Hi Peter,
I examined your not-working example and can see that they did just completely strip the font out. The build.log embedded in the src shows the error was that your custom font is actually missing (can't be found!) And if you look at the embedded src archive you can see the font file is not there. So the problem is in the KDP process but it occurs before they run it through their special version of kindlegen.
So they must be unpacking and preprocessing the submitted epub in some way before processing it and when they put it back together they drop the fonts for some minor error.
If you submit a mobi, they must do the same process to its embedded source.
Have you tried submitting a mobi generated by kindlegen where you use the -dontaddsouce option? This should prevent them from preprocessing an epub and hopefully prevent the issue.
Also after reading what you wrote, I am betting, the issue is not the amount of text but which style sheet is linked-in the most often. I am guessing, whichever one is linked-in more often becomes the "main" sheet and as long as the main sheet does not have an issue and the font urls are there, embedding will be more likely. You could try subsetting all of the truly embedded fonts and urls into their own sheet and link that sheet into all documents, and moving the non-embedded font-face to it own sheet and only linking to it when necessary.

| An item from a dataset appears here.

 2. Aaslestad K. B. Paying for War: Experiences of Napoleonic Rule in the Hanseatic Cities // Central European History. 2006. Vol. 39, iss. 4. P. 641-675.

All of what I said is at least not inconsistent with what you said in your post. My theory is some preprocessing code somewhere is looking for a "main" sheet and the main sheet must be absolutely perfect otherwise pieces of it are ignored and the embedded fonts are never found.

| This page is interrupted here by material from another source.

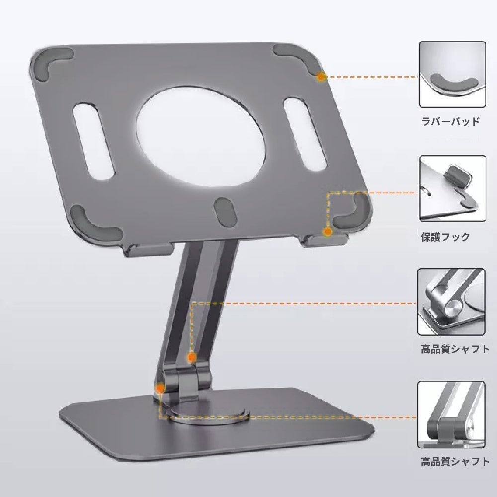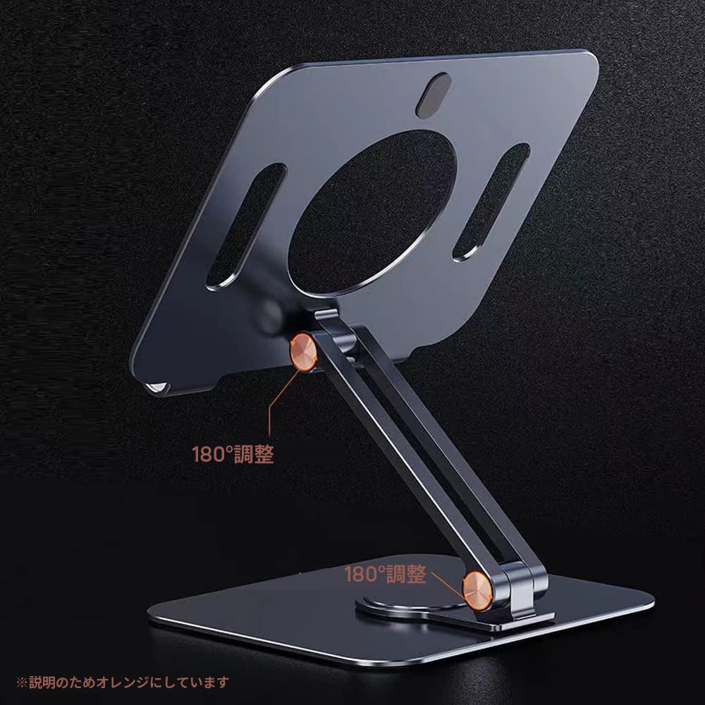 - 2軸で角度調節、本体も360°回転できる便利なスタンド

And interestingly, a specific metadata element is added when embedded fonts are included:
528 : 'override-kindle-fonts_(528)',
When fonts are embedded this metadata item is set to "true". What is interesting here is that it literally says the the kindle device should "override" its fonts not "augment" them.
So something else to try is to also embed a Palitino font as a test to see what if any impact it has an the problem (so all named font faces with specific (non-generic) names are embedded).
If anyone knows anyone involved at Amazon, would you please check if they pre-process submitted epubs in any way before passing them to their internal kindlegen for KDP, cause its build log indicated that the font itself never made it and that was why it was "stripped-out".
I will keep looking but I don't use KDP and using kindlegen 2.9, all works as expected so I can't debug the process first-hand.
Hope something here helps.
KevinH
Quote:
Originally Posted by Peter Ahlstrom
New book, new problem.
I was having the same font embedding problem with KDP as before, but the workaround was not functioning. After much trial and error (I commented out all font-family lines in the CSS and then added them back in one-by-one, then made a new CSS file with the offending line included and applied it to the html files one-by-one until it stopped working), I now have a book file where the custom font works in one half of the book but not the other half.
The offending line? Setting the font-family of the p (whether classed or unclassed) to Palatino,serif (just using the Palatino font installed on the device). If that CSS is included in the second half of the book, KDP strips out all font-family references and deletes my custom header font entirely.
"half of the book" gives a very strange effect.
- If I take the first non-working chapter and paste its entire contents into a previous chapter's file, using the Palatino font CSS in that pasted file, the font embedding works.
- If I take the first non-working chapter and duplicate it in place, then change the CSS link in the first copy of the chapter, but not the second copy, the font embedding still works. If I then delete the second copy, the font embedding now fails again.
- If I take my file and delete all the chapters after the last one that works, and upload only a half document (I made sure to also delete the now-unused images and TOC references), the fonts get stripped again.
- If I remove the CSS from the last 3 working files, and then add it to the first non-working file, the fonts embed correctly. But then if I add it to the second non-working file, it doesn't embed correctly.
- If I remove the CSS from a few more files, then add it to the last file (which is the longest html file), the embedding works. But I have to remove the CSS from exactly enough earlier files.
I also tried two methods of defining the font. One file version had the font defined in a div around all the paragraphs, and one version had the font defined for the p tag with no divs. In both cases, it works only when this is applied to one half of the book and fails as soon as that CSS is applied to one more html file after the halfway mark.
I also replaced the file completely with the book I talked about a few posts ago (a book that has 2 custom header fonts and specifies Palatino,serif for the p tag throughout)—and everything displays as expected.
This is complete nonsense. I enjoy a challenge, troubleshooting something where certain actions lead to predictable results. Here, the only predictable thing is that I can get the font to work in one half but not the other half. But only on this book, not on any previous book I've made. It's maddening.
Now, you may say "Well, just don't define the font for p." That's relatively fine on Kindle Fire and iOS, since the default font there is a serif font. But on Kindle Paperwhite the default font comes up sans-serif if I leave it undefined. I want to use sans-serif for each chapter's introductory text and then serif when the chapter proper starts. All previous Kindle books I've made have no trouble setting the p font as Palatino,serif. Why this book is suddenly different is driving me up the wall.
And yes, just converting through Kindle Previewer keeps all the fonts correctly. It's only uploading to KDP that produces the problem.